We have studied a general model capturing the phenomenological features of the interaction between chemotaxis of the immune system in saturated poroelastic media admitting large deformations. The essential properties of the new model include a formulation in terms of displacement, fluid pressure, and Lagrangian porosity, coupled with concentrations for leukocytes and pathogens. In particular, the poro-hyperelastic compartment of the model can be identified, after linearisation and adequately choosing the initial guess, with the three-field formulation for Biot’s poroelasticity from [60, 77]. We have proposed a finite element method together with splitting strategies, and have studied their properties in terms of accuracy and iteration count. The realisation of the coupling is general enough to accommodate different types of model specifications, including diverse hyperelastic solid laws and showing the interplay of solid deformation, effective stress, and pore fluid pressure build-up. The model also includes species transport through the total velocity, and the system is solved by means of a monolithic finite element method in saddle-point form.
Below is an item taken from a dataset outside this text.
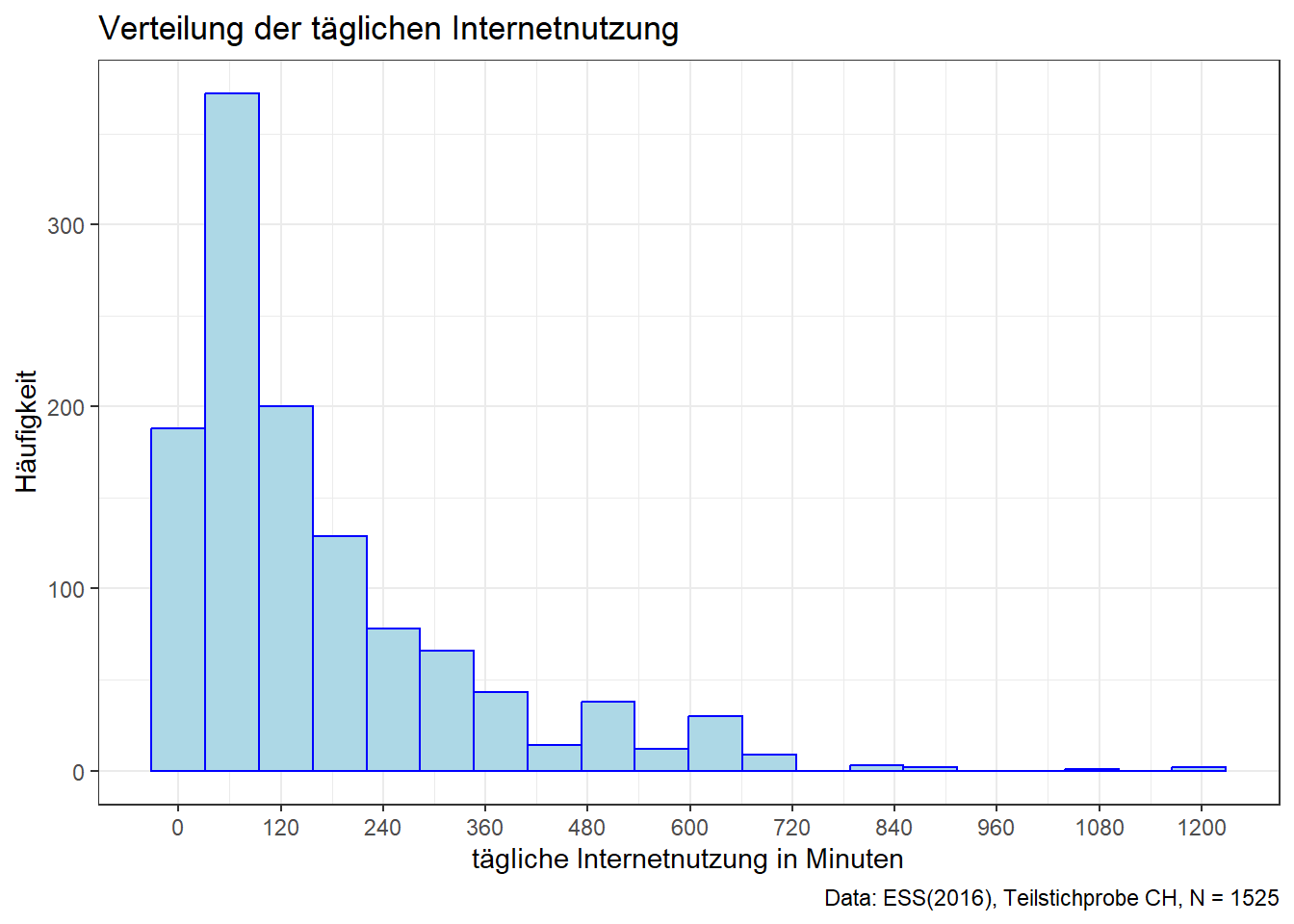 Im Durchschnitt haben SchweizerInnen in der Stichprobe ein Alter von 47.83 Jahren mit einer Standardabweichung von 18.78 Jahren, eine Klimaverantwortung von 6.86 mit einer Standardabweichung von 2.24, eine Ausbildung von 11.30 Jahren mit einer Standardabweichung von 3.50 Jahren und verbringen an einem Tag durchschnittlich 163.60 Minuten (ca. 2.7 Stunden) im Internet mit einer nahezu gleich grossen Standardabweichung von 163.20 Minuten.

Some extensions in the development of this work include the study of long-term behaviour of the oedema formation, as well as performing a thorough exploration of different effects from introducing lymphatic sinks for \(c_p\) and \(c_l\). We also plan to incorporate active stress due to calcium release (in turn generated by the immune reaction-diffusion) and assess quantitative differences in the classical diffusion case. In a more applicative context, a more comprehensive sensitivity analysis is still required to determine the most relevant coupling mechanisms. Also, the validation and verification of the model against patient-specific data are still to be conducted. We have expanded the application discussed in Sect. 6.5 to address further modelling and numerically oriented investigations in the recent work [52]. Regarding numerical schemes, a possible next step is to use mixed formulations for the immune system equations (following, e.g., [43]) to produce mass conservative discretisations.

Further investigation is necessary, for instance, regarding the specific form of the anisotropic porosity as well as in designing new coupling mechanisms that will contribute to a better understanding of the formation and termination of myocarditis and myocardial oedema.